= 1932 Surinamese general election =

Partial general elections were held in Suriname in March 1932 to elect four of the thirteen members of the Colonial States.

==Electoral system==
The elections were held using the two-round system, with suffrage restricted to men who paid a tax contribution of 60 Dutch guilders. Voters had multiple votes, and any candidate receiving a number of votes equivalent to over 50% of the valid ballots cast was elected in the first round. If not all seats were filled, a second round was held.

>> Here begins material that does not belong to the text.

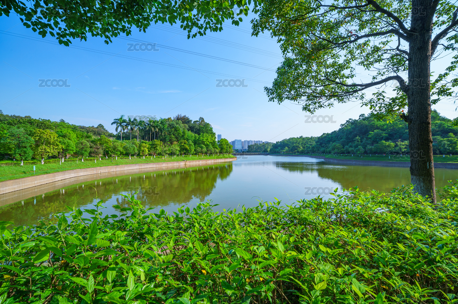 中国广州麓湖公园湖泊风景

Candidates were elected for a six-year term with staggered elections every two years and the 1932 elections were to replace the four members elected in the 1926 elections. Only two of them – Frederik Pieter Schuitemaker and Ernst Snellen – were still in office; H.G. Brandon had resigned shortly after being elected and been replaced by David Simons, while Pierre Antoine Augustin Bucaille left Suriname in 1929 and was replaced by Philip Samson. Only Samson and Simons ran for re-election.

==Results==
As there were 556 valid votes, candidates required 279 to be elected in the first round.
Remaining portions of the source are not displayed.